Two from the waste ground west of Hoberg Road. The air was so milky it
faded
the base of mountain. In both photos I've made sky of that. Sky with
faint volumes. The D50 made something subtlely lovely of the color in both.
It's a lyrical machine, it pushes colors toward pink and orange and saturates
them a bit. It's embodying a prettiness algorithm. I don't approve of that,
it flatters me, it gives me more than I saw, and yet I like that the photos
look like love. I like them on the Here2014 site. They made me interested
in the site again.
-
The Palms at Indian Head. Noticing what this new shirt and my hair shorter
feel like. Sunglasses. I feel like a local, I mean a California person.
Lighter. Glamorous.
Palms' ancient legs. A lot of conversation behind me so I can hardly
hear their dry quiet - what? - as if pale fine lines in the air, a faint
streaking. When the breeze comes up, more of a rattle. So dry. I like this
ledge above the valley. 5 steps above the pool deck, and then a row of palms,
and then pale desert, and then a green strip, De Anza? And then on slightly
rising ground citrus farms, and then the Coyote Mountain ridge, brown, and
behind it the higher bluer more hazed further ridge beyond Clark Valley.
The sky today has a frail tissue of cloud, I mean thin and organically
formed with a faint spine and cellular dabs, exquisite like tissue in an
x-ray.
Flaked paint on the edge of the roof. The palms need water. A sweet relaxed
sense - strong sense of architectural place, which is era too. Someone's
intelligence a long time ago still holding.
20 February
Second day not succeeding with the D800 but hours in desert goodness.
Wide space, open silence. Bite of my footsteps on firm sand. Chuparosa blooming,
here and there shreds of the same orange on the tips of dead ocotillo arms.
New cholla limbs shining almost white. Barrel cactus in fresh pink, most
not in bloom, a few in green circlet of bud. Desert lavender loose and foamy
swaying its bitty tips against the breeze.
I'm in El Borrego at noon. What a lot of gut buckets. What a good smell.
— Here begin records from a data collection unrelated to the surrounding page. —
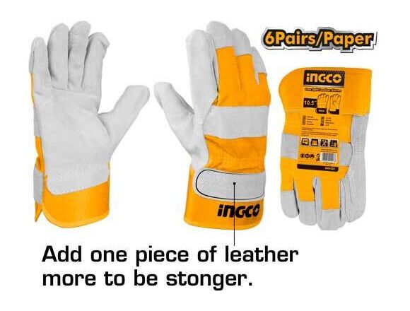 Перчатки кожанные 10,5" INGCO (индивидуальный подвес) (12/72)
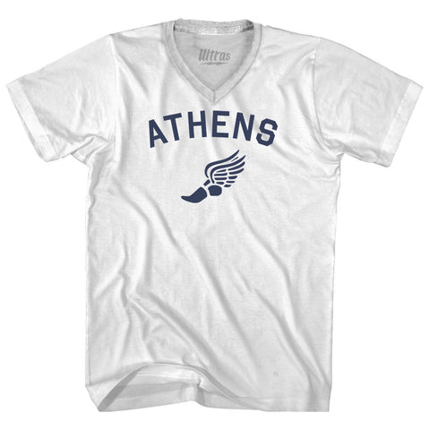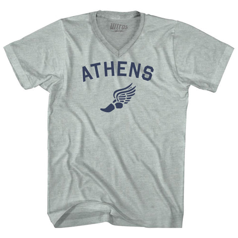 Product Story: Athens Running Track Winged Foot Adult Tri-Blend V-neck T-shirtProduct Description: Athens Running Track Winged Foot Adult Tri-Blend V-neck T-shirt Tri-Blend (Polyester, Rayon, Cotton) Buttery Smooth Soft Material Medium Weight Tee Soft Hand Print
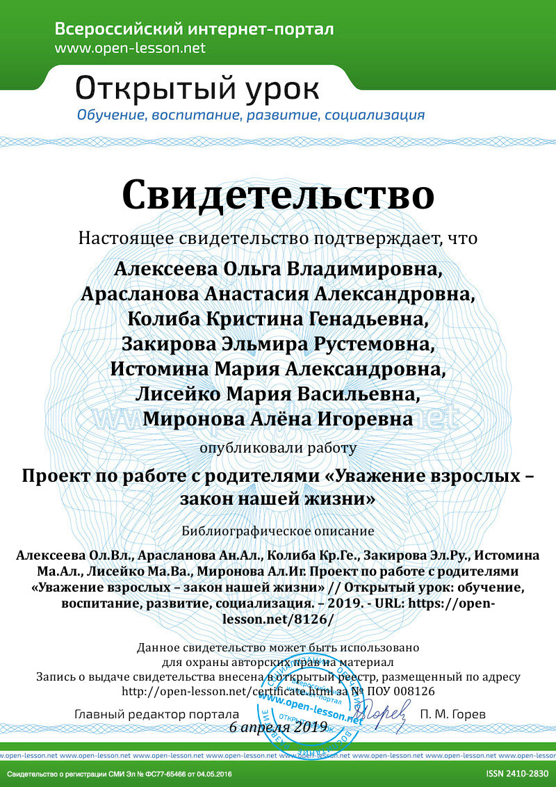 1. Название проекта: «Уважение взрослых – закон нашей жизни»
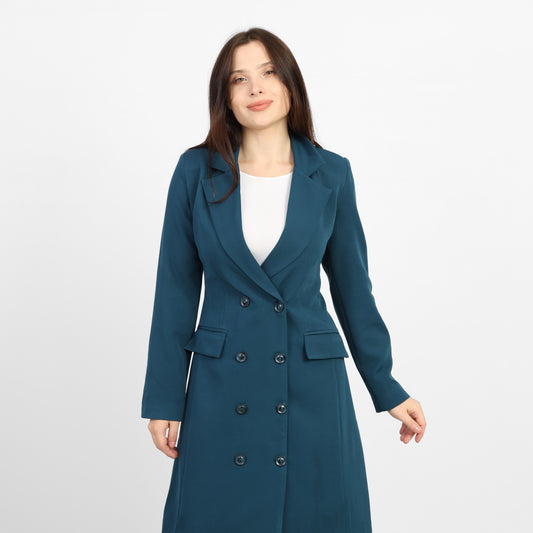La Reine Teal Double-Breasted Blazer with Contrast Buttons
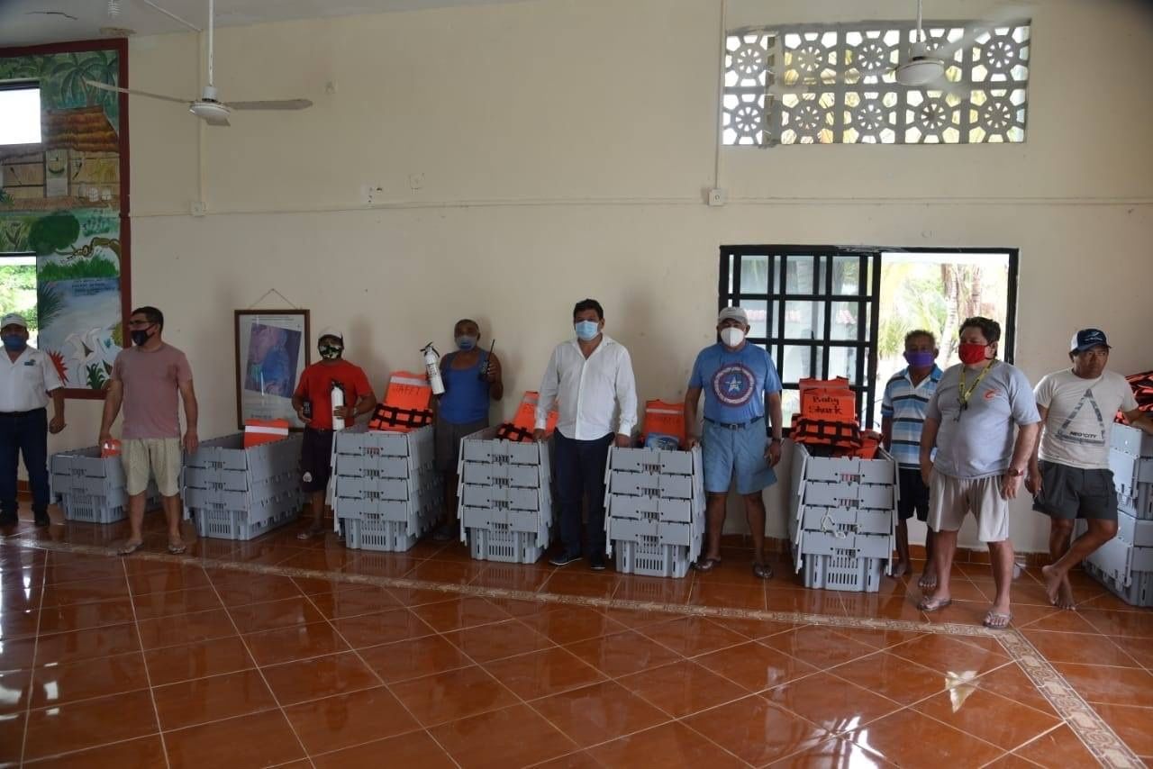 QUINTANA ROO, 7 de agosto.- La SEDARPE entregó apoyos para equipamiento a la Sociedad Cooperativa de Producción Pesquera “Pescadores de Vigía Chico”, de Punta Allen, consistentes en 304 sombras langosteras, 15 radios portátiles, 56 chalecos salvavidas, 14 extintores y 64 cajas de transporte de langosta viva, con una inversión de 661mil 890 pesos.
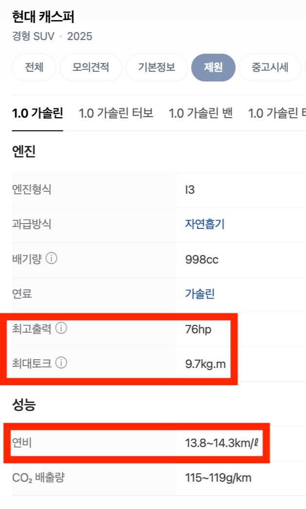 연비를 보니 캐스퍼가 좀 더 잘 나온다.
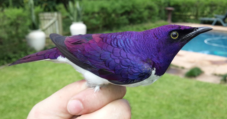 The majestic amethyst starling is a sight to behold because of its striking amethyst color. The amethyst starling is also popularly known as the “plum-colored starling” or “violet starling.” The bird is native to tropical Africa and is known for its purple and indigo feathers with a bit of green and browns. The birdâs feathers resemble a galaxy of iridescent features due to their microstructure. The featherâs microstructure refracts light like a prism exhibiting a riot of colors.
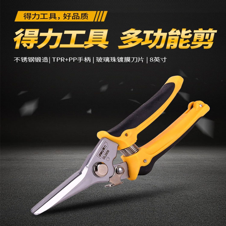 得力工具多功能剪刀電工剪家用電線剪線槽剪塑料剪8英寸不銹鋼剪

Why are these people eating hamburgers.
21 February
Peter Liechti The sound of insects 2009.
A Japanese man in his 40s walked for an hour carrying various supplies
to a place he remembered from an excursion when he was a student. There
he used branches and plastic to make a room in the forest. He had a radio,
some books, a notepad. On August 7 lay down on a bed of dry grass to starve
to death. It took 62 days. He was found, with the notebook, by a hunter,
some months later, not decomposed, dried to a mummy. I found the movie last
night when I was tracking a documentary about a sound recordist. Sat with
it on the big monitor for an hour and a half elated. I could see it fulfilled
the years of experimental work in film and sound; he had those experiments
as options in telling a story worth telling. There was forest, slight camera
motion finding beautiful frames. Pattern on the plastic, that got dirtier,
was rained on. There was the text's long steady interest in what it's like
to die. There was beautiful sound design, complex. Interposed super 8 material
in black and white exquisitely telecined to show grain, which I thought
must have been drawn from footage Liechti had collected over years.